На похороны княгини Веры Заплатин, как и обещал, не пришел. Впрочем, за гробом, в некотором отдалении от княжеской семьи, шла такая густая толпа любопытствующих, что отдельные лица в ней рассмотреть было просто невозможно. Дмитрию на секунду показалось, что Алексей мелькнул за могучей спиной какого-то никому не известного военного, но может быть, это была всего лишь игра теней.
Однако через день после похорон Заплатин вновь вернулся в имение Рахмановых, угостился оставшимся от поминального стола коньяком и, пока Дмитрий, избегавший долгих бесед с ним, спустился к морю поплавать, успел увезти Феликса в город. Вернувшись в дом, Колычев уже не застал никого, кроме княгини, с трудом сдерживавшей слезы...
Вернулся князь наутро, со следами сильного похмелья, в измятой одежде, и приказал подать в столовую крепкого кофе. Там, в столовой, Колычев, спустившийся вниз к завтраку, и застал его.
Феликс, одиноко сидящий за столом, с отвращением разглядывал дымящуюся фарфоровую чашку.
– Доброе утро, Митя, – вяло пробормотал он. – По привычке попросил кофе, а пить, чувствую, не смогу.

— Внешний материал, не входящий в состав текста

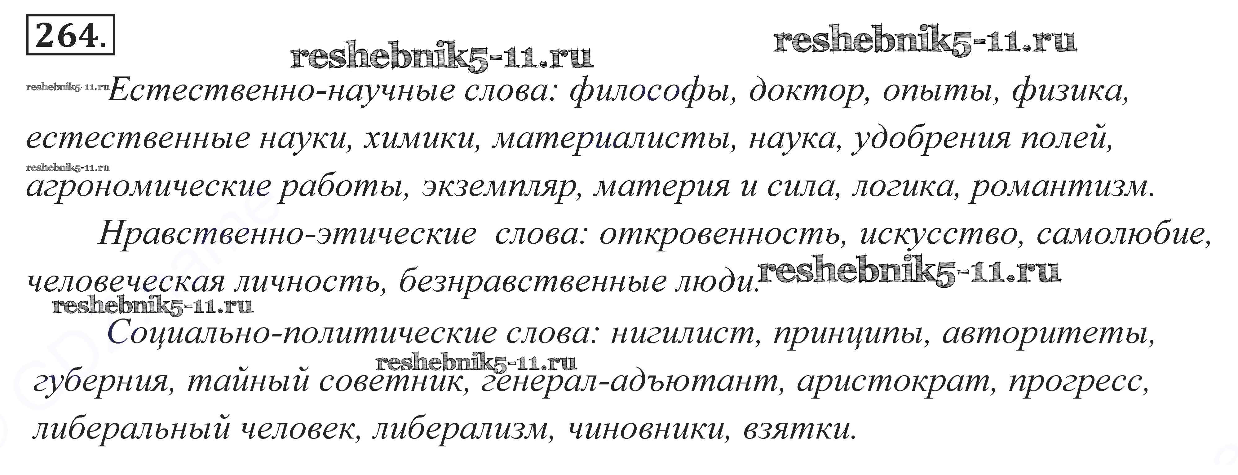 Готовая домашняя работа с ответами по Русскому языку за 10, 11 класс Власенков, Рыбченкова Учебник Базовый уровень Просвещение 2014 - Упражнения 264

Лучше бы рассолу огуречного из бочки заказать, да как-то неловко...
– Послушай, я понимаю, ты перенес сильную травму, но пора уже взять себя в руки, – стараясь говорить рассудительно, начал Дмитрий. – Веру похоронили, и теперь нужно сосредоточиться на том, чтобы помочь следствию отыскать ее убийцу.
– Как ты любишь быть правильным, Митя, – медленно, словно сглотнув ком, ответил Феликс. – Правильные слова, правильные мысли, правильные поступки... Просто образец добродетели и пример для незрелого юношества! Впрочем, и мне не мешало бы тебя слушаться. Ведь знаю же, что ты плохого не посоветуешь, ходячий эталон нравственности.
– Феликс, что случилось? Я вижу, ты сам не свой и, боюсь, одним только похмельем твои проблемы не исчерпываются.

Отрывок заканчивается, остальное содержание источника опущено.